Later that night, I felt numb as he stopped the car in the middle of nowhere and dragged me out.  An argument started when the men who had sat on either side of me suggested that I be sold to someone called Masalu. They argued that they all stood to make a bit more money. It quickly escalated into insults and blows when the other two insisted on harvesting the two litres of blood that Mabhotshisa had ordered and getting rid of me. They feared Mabhotshisa and his sorcery and would not dare to cross him.

While they fought, I ran as fast as I could into the darkness.

I woke up in the hospital; in immense pain. I could not remember what had happened. Sis’ Pinkie and Sima broke down when the doctor said I was lucky to be alive. He said I had lost a lot of blood. I had been beaten, raped and stabbed.
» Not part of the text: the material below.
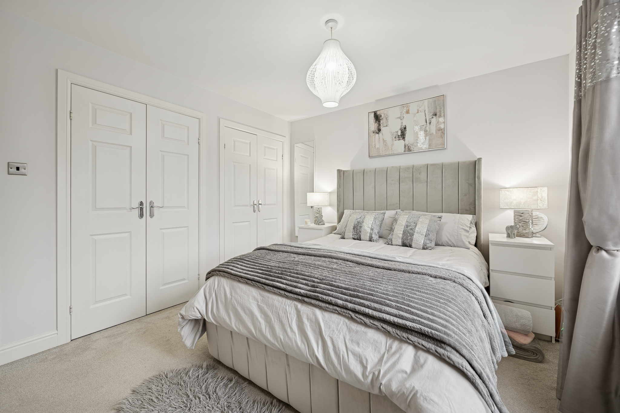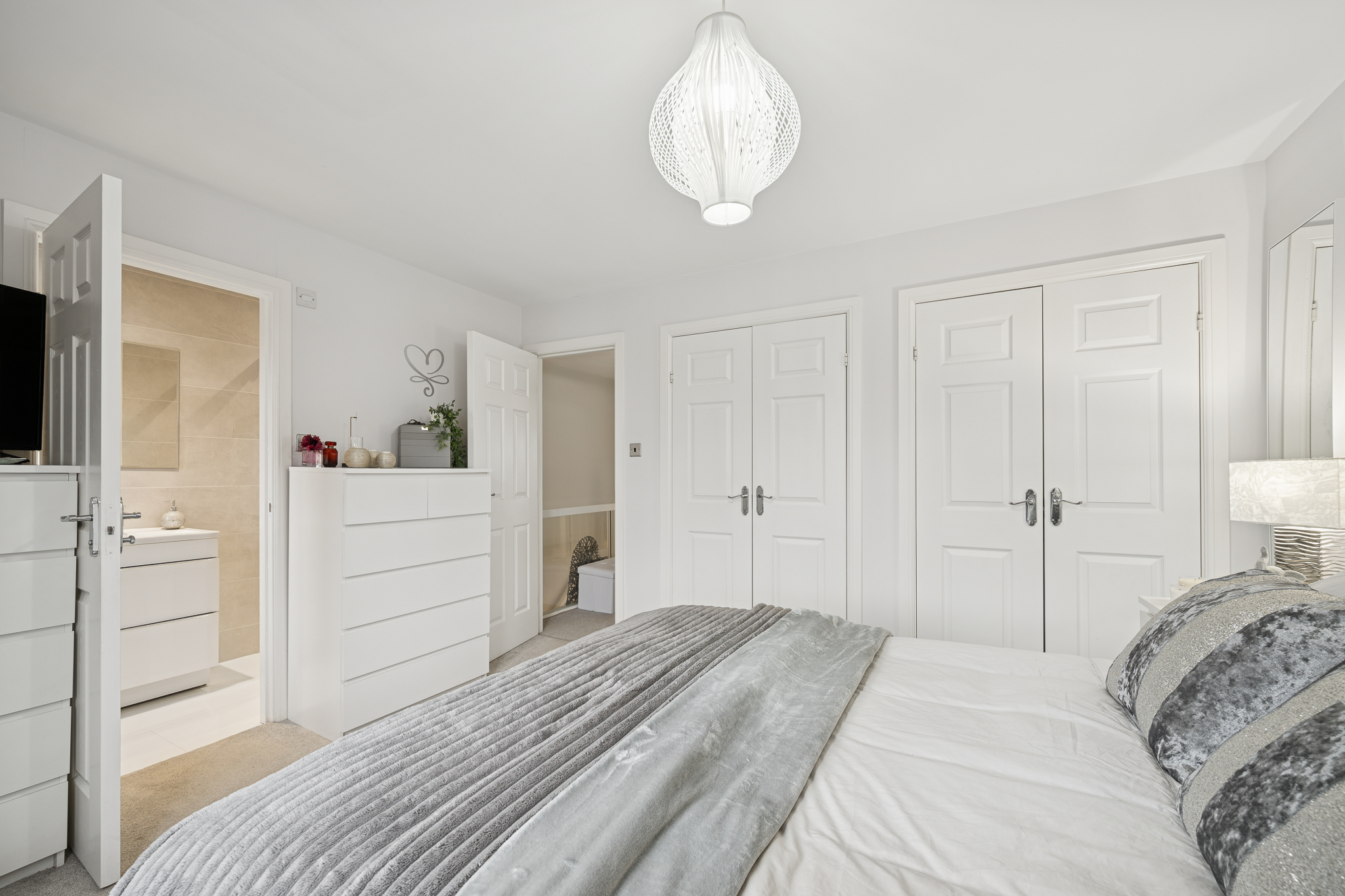 The top floor is dedicated to rest and retreat, offering three generously sized double bedrooms, all presented to a high standard. The principal bedroom is particularly impressive, benefiting from two built in wardrobe spaces and a stylish en-suite shower room, fully tiled in contemporary neutral tones and fitted with a walk in shower enclosure, modern vanity unit and sleek chrome fittings, creating a calm and hotel like finish.

I fell into a deep depression.

Months later, I felt a little better. I realized that being HIV positive had somehow “saved” me from Shuna and her friends. I vividly remember the day Gogo told me. I’d come home from school complaining about being too underweight to be a blood donor. I was in form one and really wanted the juice and biscuits that were given after donating. I was surprised when Gogo started crying.

She had to be wrong. I couldn’t have been born HIV positive. How would I explain it when I grew older? Who would believe me? Only people who slept around were supposed to get it.

Since honesty could not pay for anything, the situation demanded that I allow Sima to continue believing I’d been infected through the ordeal. He tended to whisper, promising to protect and take care of me when he thought I was asleep. He was my bridge to a better life.